## [YOUR INSTRUCTIONS]
In the material below, find the line containing "Inside, the cabin" and the line containing "[경기핫타임뉴스=김삼영 기자] 수원문화재단은". Output those two lines and all lines between them exactly, without pictures.
++++ EXCERPTED RECORDS ++++
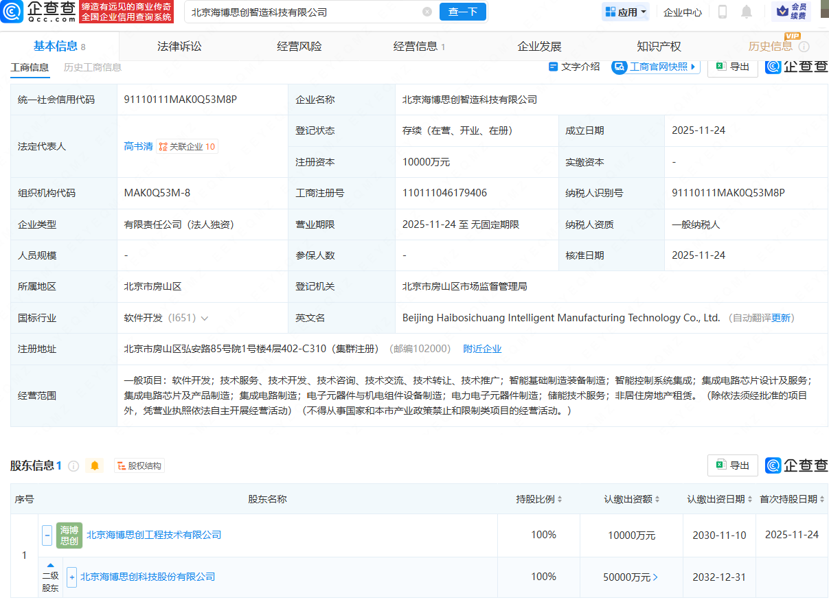 企查查APP显示,近日,北京海博思创智造科技有限公司成立,法定代表人为高书清,注册资本为1亿元,经营范围包含:智能基础制造装备制造;集成电路芯片设计及服务;集成电路芯片及产品制造;集成电路制造等。企查查股权穿透显示,该公司由海博思创(688411)间接全资持股。
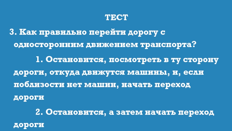 3. Как правильно перейти дорогу с односторонним движением транспорта?
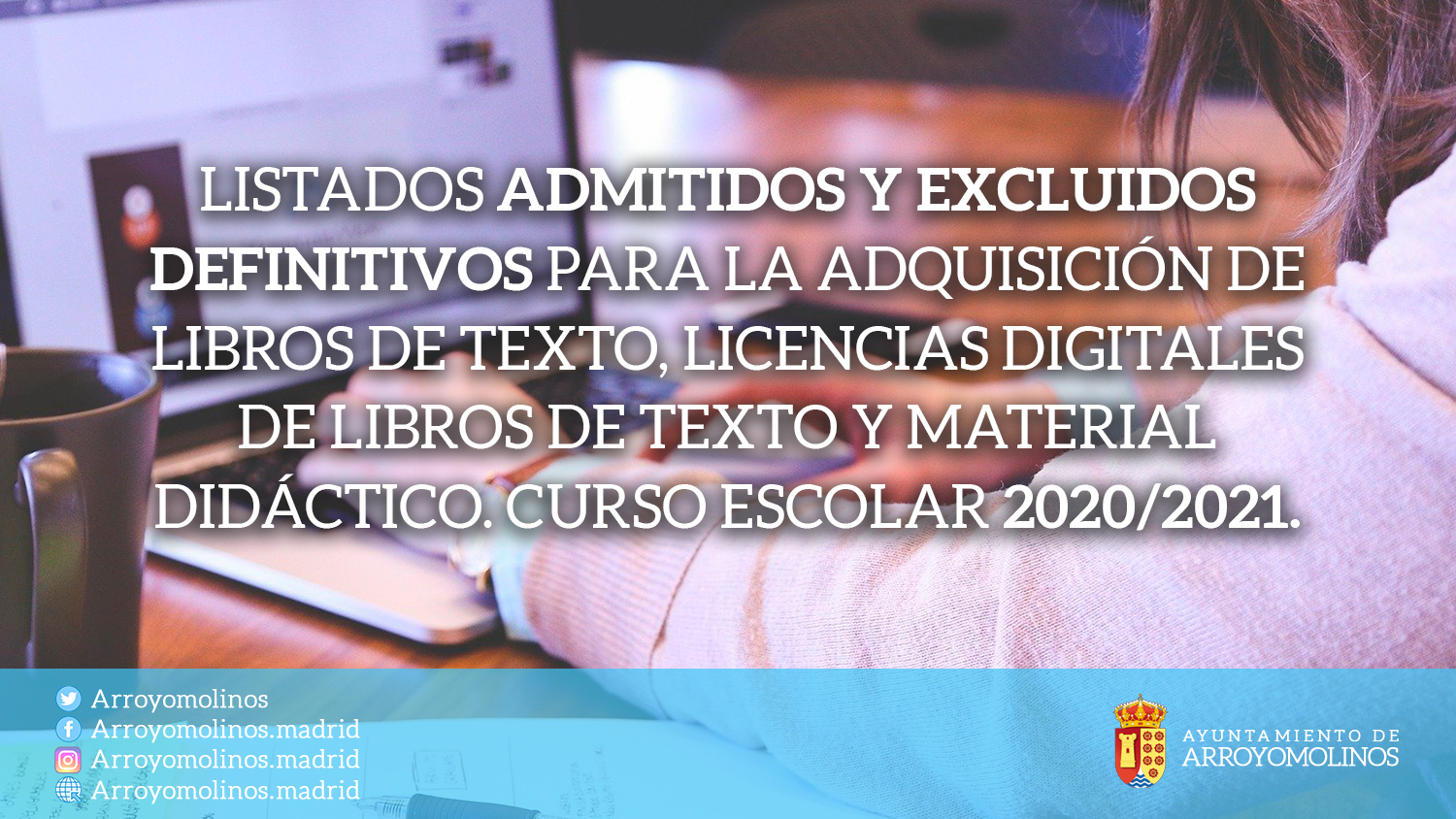 La Concejalía de Educación va a proceder a la publicación de los listados de los solicitantes admitidos y excluidos definitivos para la adquisición de libros de texto, licencias digitales de libros de texto y material didáctico. Curso Escolar 2020/2021.
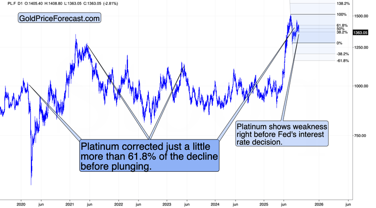 Platinum is down significantly as well. Platinum’s final attempt to rally back above the 61.8% Fibonacci retracement level failed and this might have marked the start of platinum’s big decline. Just like it’s been the case in the past.
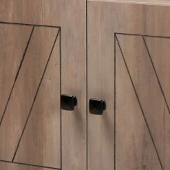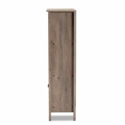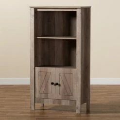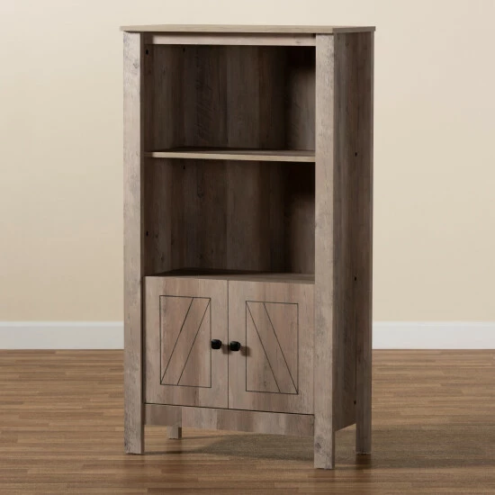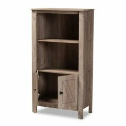 Add the charming crisp lines of the Derek bookcase to your space for an elegant solution to your storage needs. Made in Malaysia, the Derek is comprised of sturdy wood showcasing a natural oak brown finish. Two external shelves create an excellent display for books and decorations, while one internal shelf supplies concealed storage. Requiring assembly, the doors feature an exquisitely carved design, as well as black finished square metal knobs for added visual appeal. An excellent pedestal for your collection, the Derek bookcase noticeably upgrades any space…
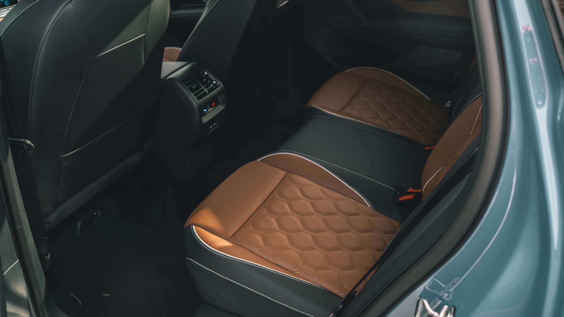 Inside, the cabin finally delivers the premium feel buyers expect. On higher trims like the SEL R-Line, the Tiguan offers perforated leather seats, ambient lighting, and a massive 15-inch touchscreen. Materials across the cabin feel more upscale than before, with tasteful use of wood and soft plastics.
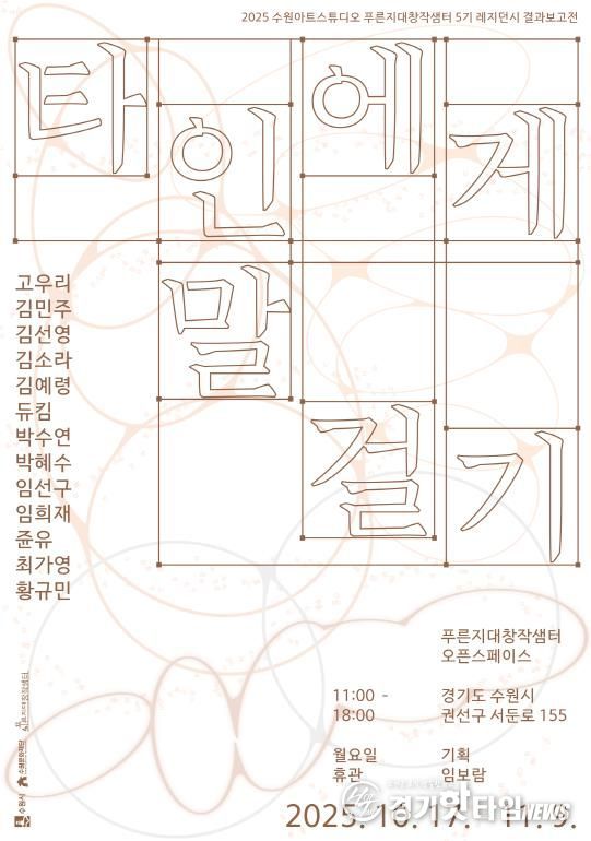 [경기핫타임뉴스=김삼영 기자] 수원문화재단은 오는 10월 17일부터 11월 9일까지 약 3주간 탑동 시민농장에 자리한 수원아트스튜디오 푸른지대창작샘터에서 5기 레지던시 참여작가 13인의 올 한 해 작품 활동 성과를 공유하는 결과보고전 '타인에게 말 걸기'를 개최한다.
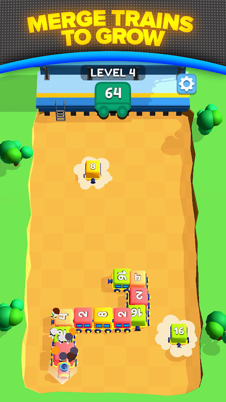 Collect and merge similar numbers to reach your goal. Careful the more numbers you collect, the longer your train will be. Avoid colliding with obstacles. Gather people to earn more points!!!
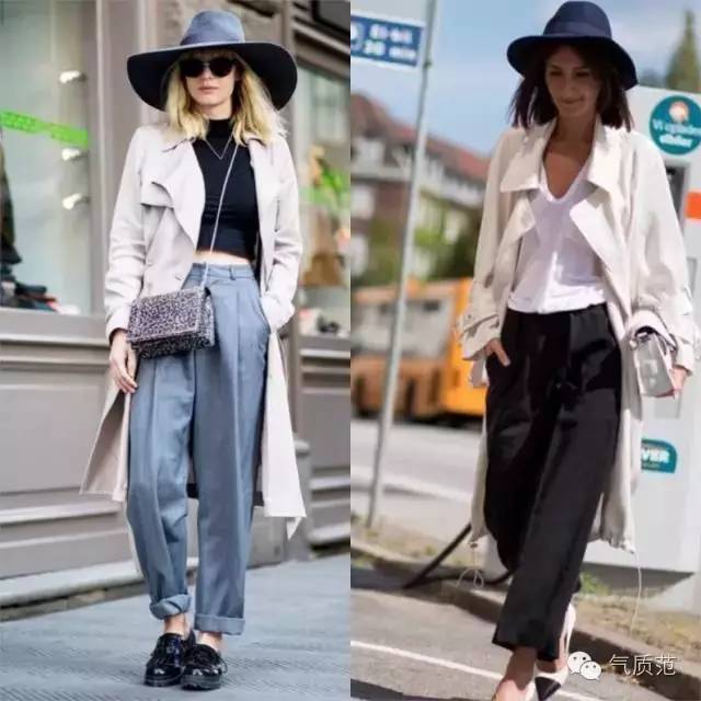 比较帅气中性的打扮,和之前介绍的搭配牛仔裤是不同的感觉 。
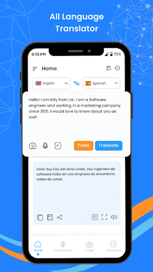 Language translation offers voice recognition and text translations in all languages. Translate foreign languages by using translate from English app. Convert text in all languages using best translation techniques with Ai. Doc Translator can translate document and convert files in all languages. All Language Translator is smart Ai tool that allows to learn languages. Download Translator acts as interpreter for each word translation. Auto translation provides quick dictionary app for free translation.
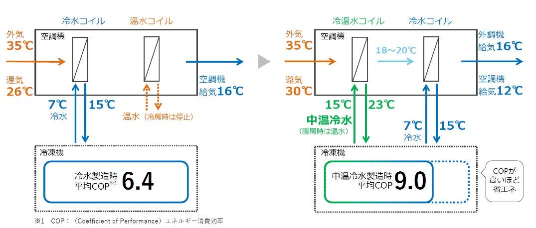 中温冷水利用空調システムの導入により省エネ性向上
++++
## [ANSWER TO THE EXERCISE]
 Inside, the cabin finally delivers the premium feel buyers expect. On higher trims like the SEL R-Line, the Tiguan offers perforated leather seats, ambient lighting, and a massive 15-inch touchscreen. Materials across the cabin feel more upscale than before, with tasteful use of wood and soft plastics.
 [경기핫타임뉴스=김삼영 기자] 수원문화재단은 오는 10월 17일부터 11월 9일까지 약 3주간 탑동 시민농장에 자리한 수원아트스튜디오 푸른지대창작샘터에서 5기 레지던시 참여작가 13인의 올 한 해 작품 활동 성과를 공유하는 결과보고전 '타인에게 말 걸기'를 개최한다.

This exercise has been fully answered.